Wang Yaye, Wang Yifei, Dong Shuping, Huang Qingguo
Jiangsu Provincial Academy of Environmental Science, State Environmental Protection Key Laboratory of Aquatic Ecosystem Health in the Middle and Lower Reaches of Yangtze River, Nanjing, People's Republic of China.
Department of Crop and Soil Sciences, College of Agricultural and Environmental Sciences, University of Georgia, Griffin, Georgia, United States of America.

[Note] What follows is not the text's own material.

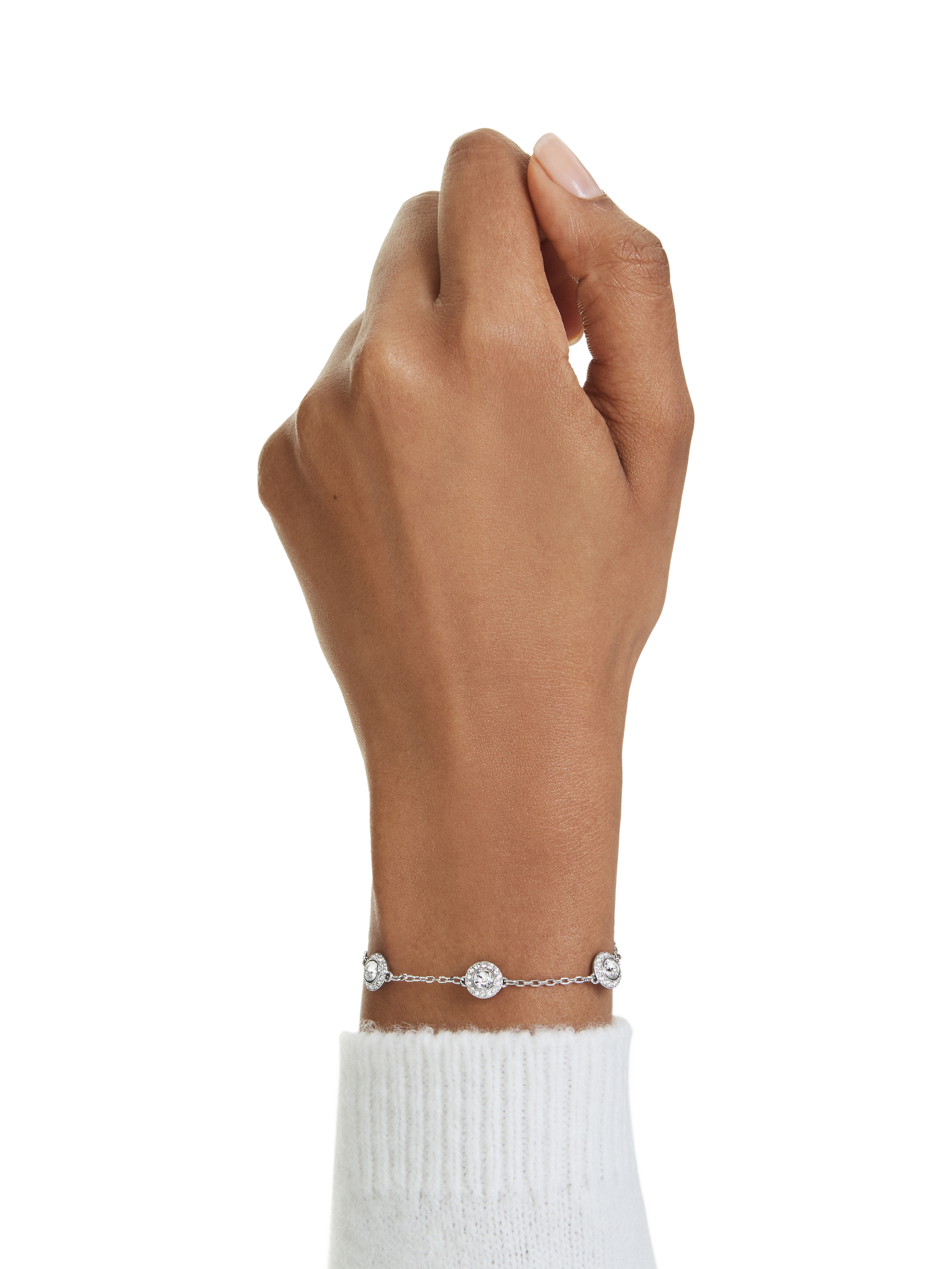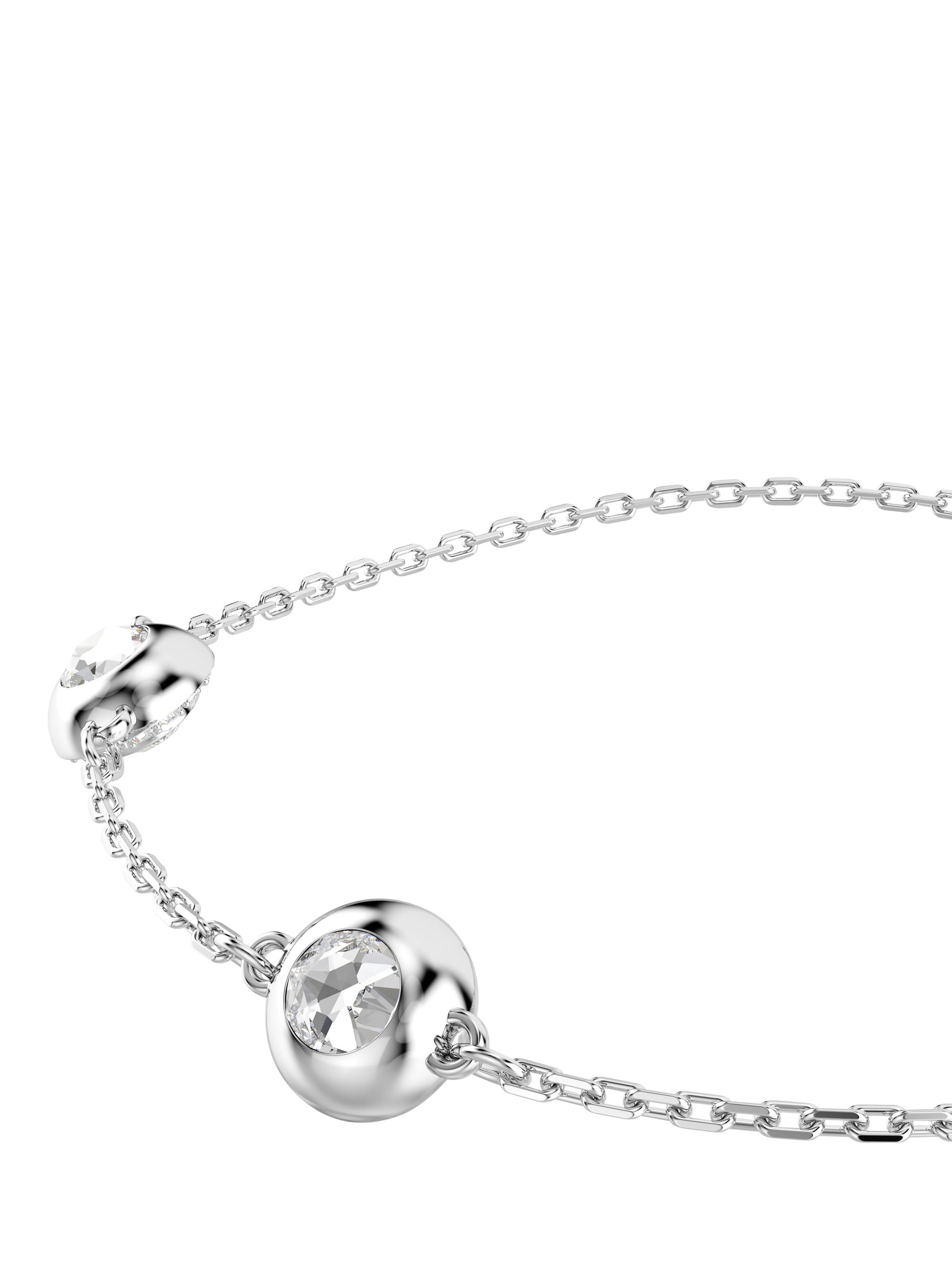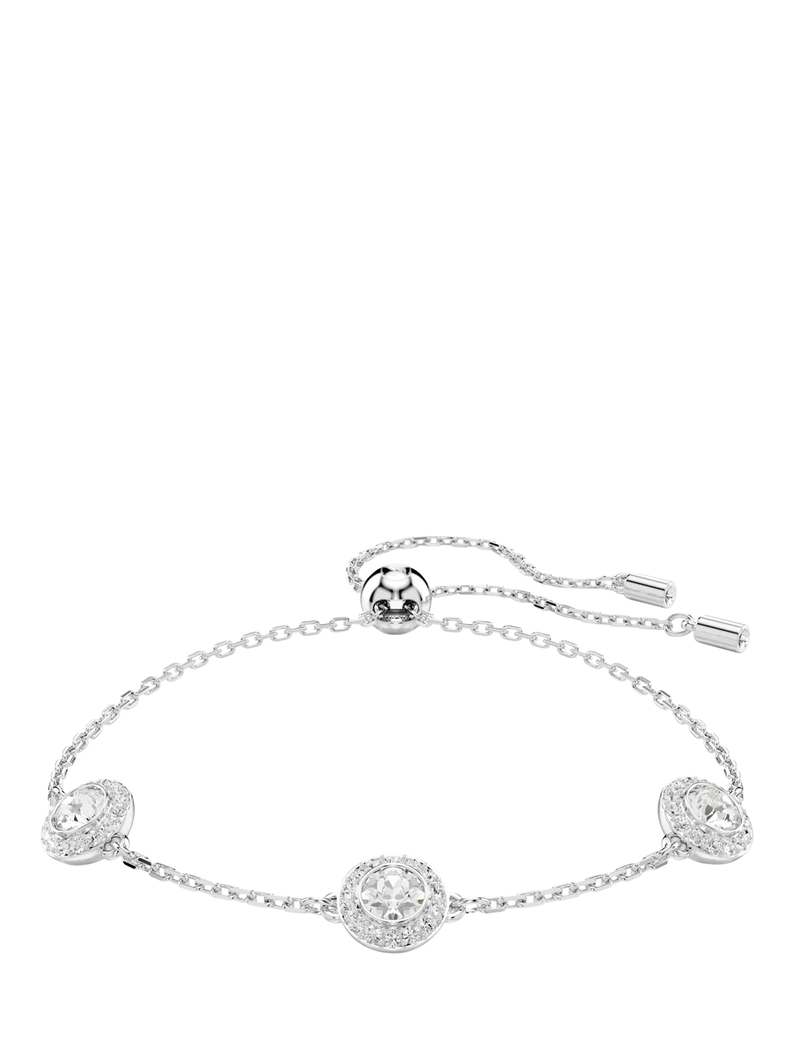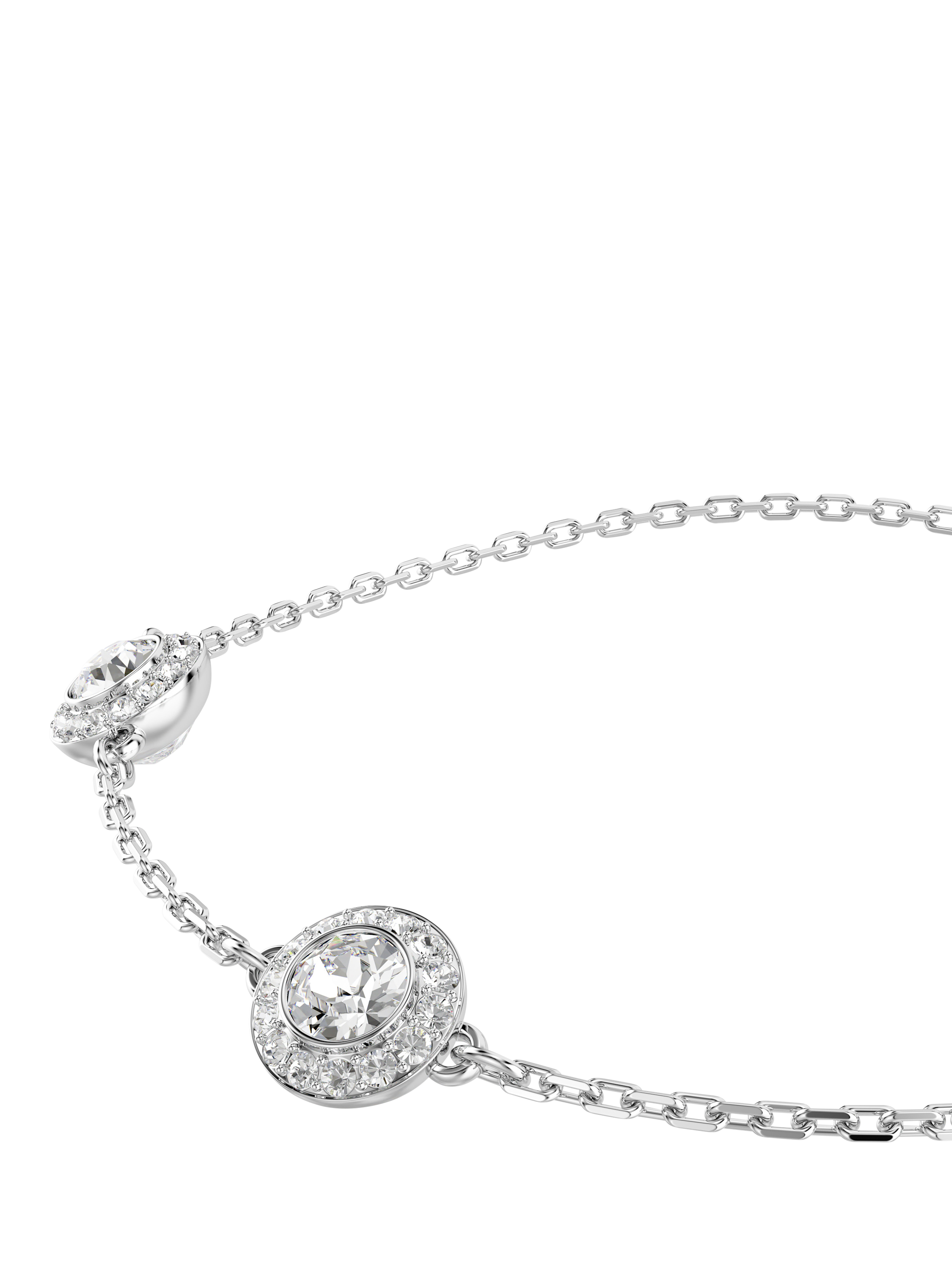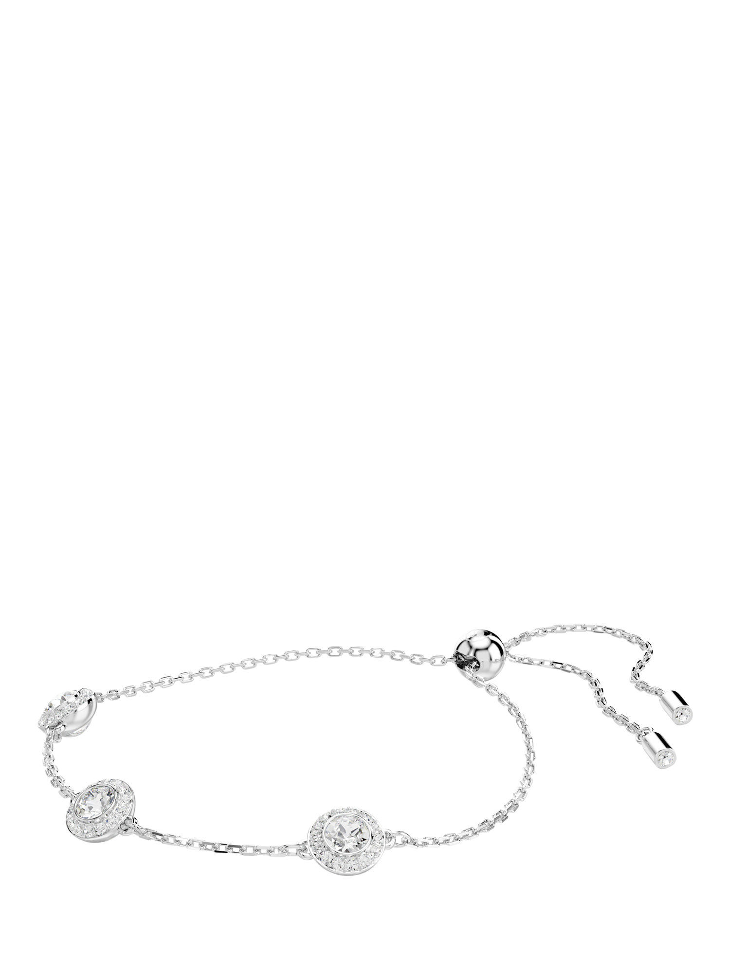 Showcased on a delicate, rhodium-plated chain, the Una Angelic bracelet from Swarovski features sparkling, round-cut crystals, and secures on the wrist with an adjustable toggle fastening.

PLoS One. 2025 Jan 23;20(1):e0317696. doi: 10.1371/journal.pone.0317696. eCollection 2025.
Previous studies have indicated the great performance of electrooxidation (EO) to mineralize per- and polyfluoroalkyl substances (PFASs) in water, but different anions presented in wastewater may affect the implementation of EO treatment in field applications. This study invetigated EO treatment of perfluorooctane sulfonate (PFOS) and perfluorooctanoic acid (PFOA), two representative perfluoroalkyl acids (PFAAs), using porous Magnéli phase titanium suboxide anodes in electrolyte solutions with different anions present, including NO3-, SO42-, CO32- and PO43-. The experiment results indicate that CO32- enhanced PFAS degradation, while NO3- suppressed the degradation reactions with its concentration higher than 10 mM. SO42- and PO43- exhibited less impact. Further studies with electrochemical characterizations and radical quenching experiments illustrate the mechanisms of how the anions may impact EO performance.
先前的研究表明,电氧化(EO)在矿化水中的全氟和多氟烷基物质(PFASs)方面表现出色,但废水中存在的不同阴离子可能会影响EO处理在实际应用中的实施。本研究使用多孔Magnéli相低价钛氧化物阳极,在存在不同阴离子(包括NO3-、SO42-、CO32-和PO43-)的电解质溶液中,研究了对两种代表性全氟烷基酸(PFAAs)全氟辛烷磺酸(PFOS)和全氟辛酸(PFOA)的EO处理。实验结果表明,CO32-增强了PFAS的降解,而当NO3-浓度高于10 mM时,它会抑制降解反应。SO42-和PO43-的影响较小。通过电化学表征和自由基猝灭实验的进一步研究阐明了阴离子可能影响EO性能的机制。